Nothing should appear in the answer except the lines below from the line containing "Fairycore Meerjungfrau Top" through the line containing "4 luglio 2026", copied exactly, with pictures left out.
Start of Block
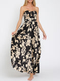 With its charming floral and trendy tube top design, this jumpsuit captures the essence of the season. The smocked back top adds a touch of playfulness and comfort, making it the perfect choice for any fall adventure.
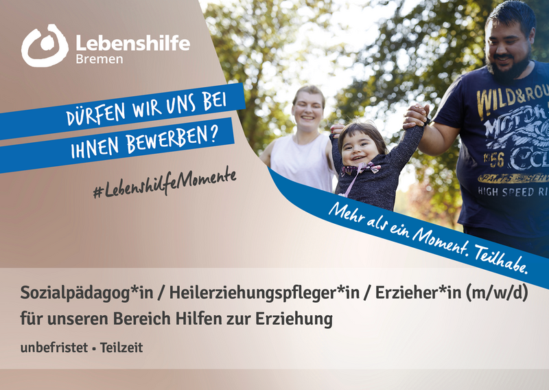 Lebenshilfe Bremen | Fachbereich Kinder, Jugendliche und Familien | Waller Heerstr. 55 | 28217 Bremen | karriere@lebenshilfe-bremen.de
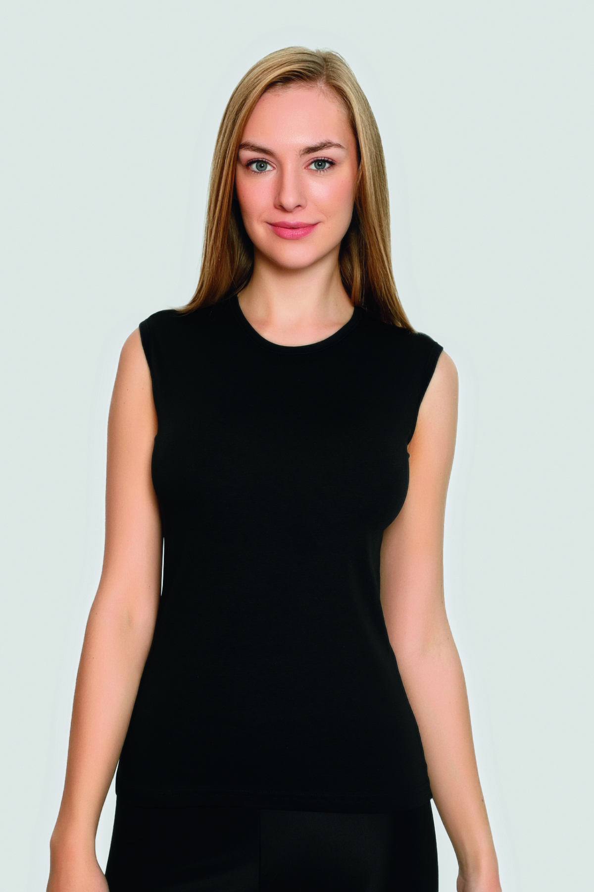 Kadın Siyah Sıfır Kollu Sıfır Yaka Atlet Kolsuz Tişört Likralı
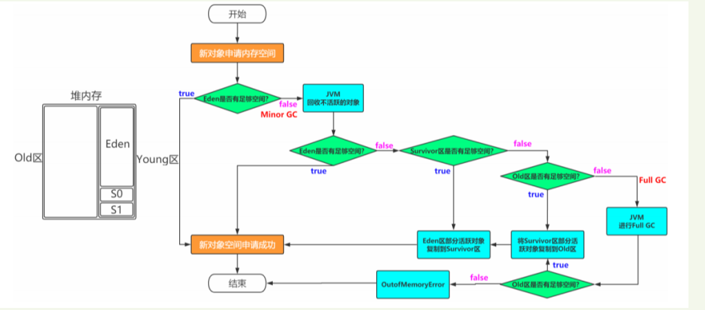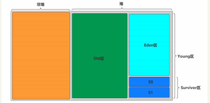 Young区的一部分,默认Eden:s0:s1=8:1:1,一般对象默认创建后进入Eden区,内存不足进行Minor GC ,将存活对象复制到S0后清理Eden
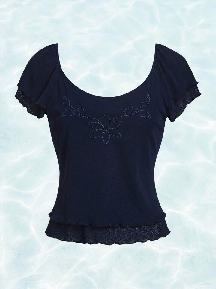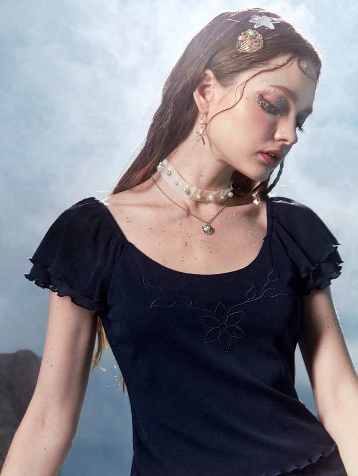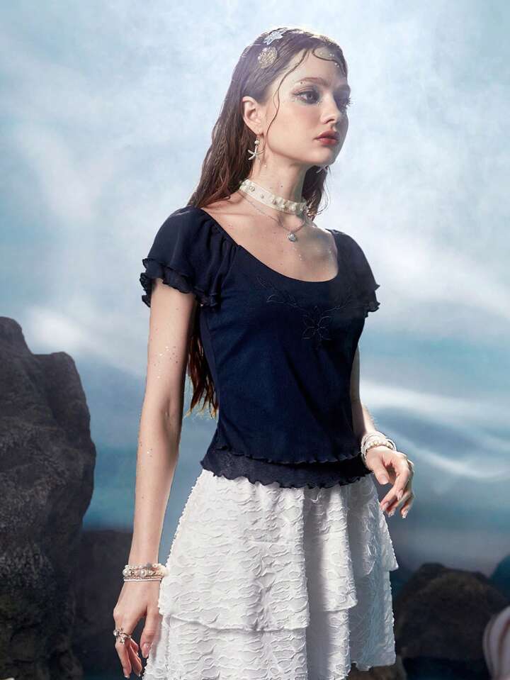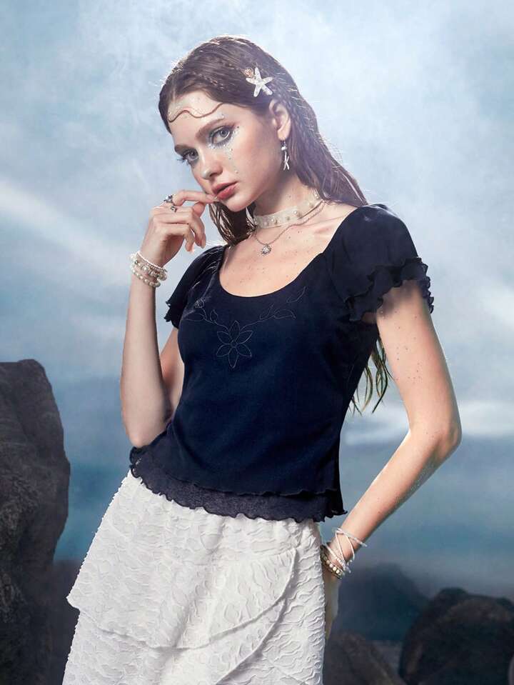 Fairycore Meerjungfrau Top mit Blume Stickerei, Wellensaum
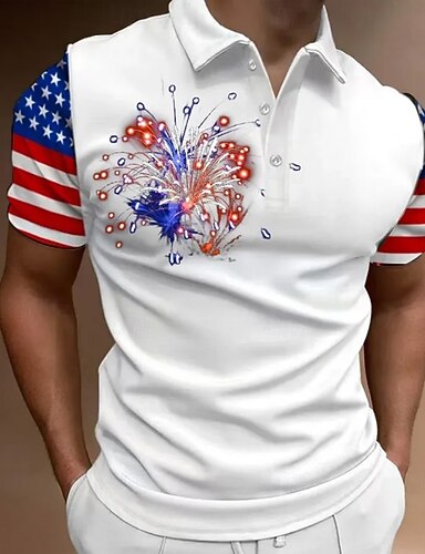 4 luglio 2026 250° Per uomo Bandiera Americana Polo Manica Corta Magliette polo Camicie con Colletto Casual All'aperto Athleisure Abbigliamento quotidiano Stampa 3D Bottoni Estate Blu
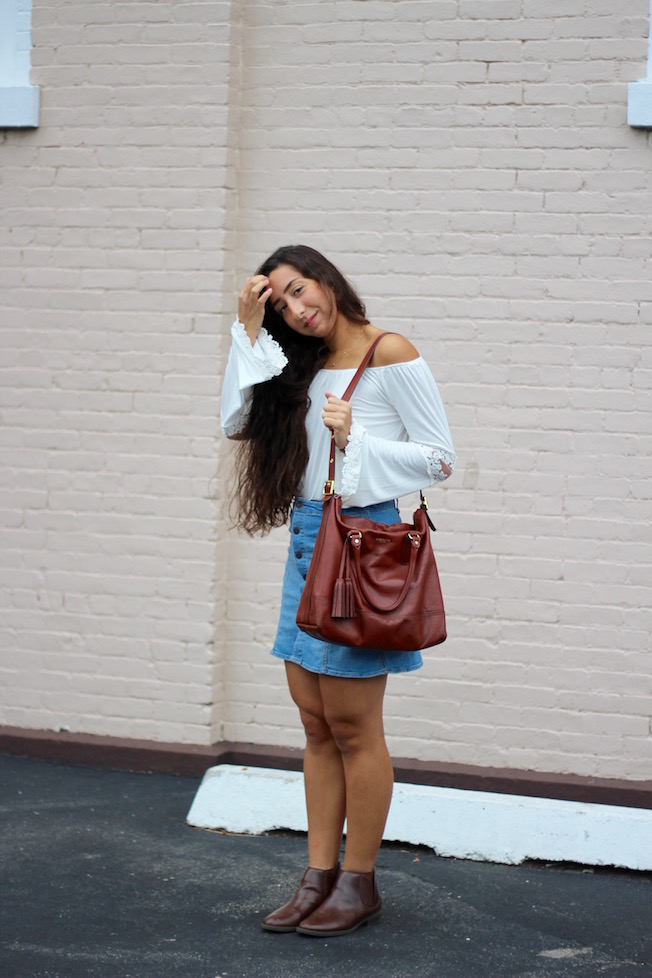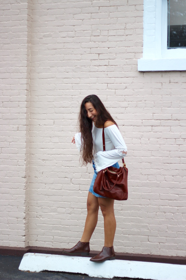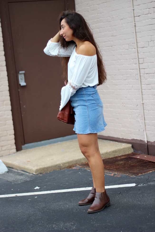 I wore this top and this skirt all summer long. They were two pieces I was obsessed with, both on their own and together. One day when it was particularly warm a few days ago, I figured I could get away with it but I knew it just wouldn’t look right wearing sandals at the end of October in New York. So I was just about to nix the outfit thinking it was too summery, when it hit me: just add booties. BAM. It’s a fall outfit! Add a scarf, jacket, or some tights if it’s a little chillier and I can wear this outfit well up to Thanksgiving!
End of Block
**Output**.
 Fairycore Meerjungfrau Top mit Blume Stickerei, Wellensaum
 4 luglio 2026 250° Per uomo Bandiera Americana Polo Manica Corta Magliette polo Camicie con Colletto Casual All'aperto Athleisure Abbigliamento quotidiano Stampa 3D Bottoni Estate Blu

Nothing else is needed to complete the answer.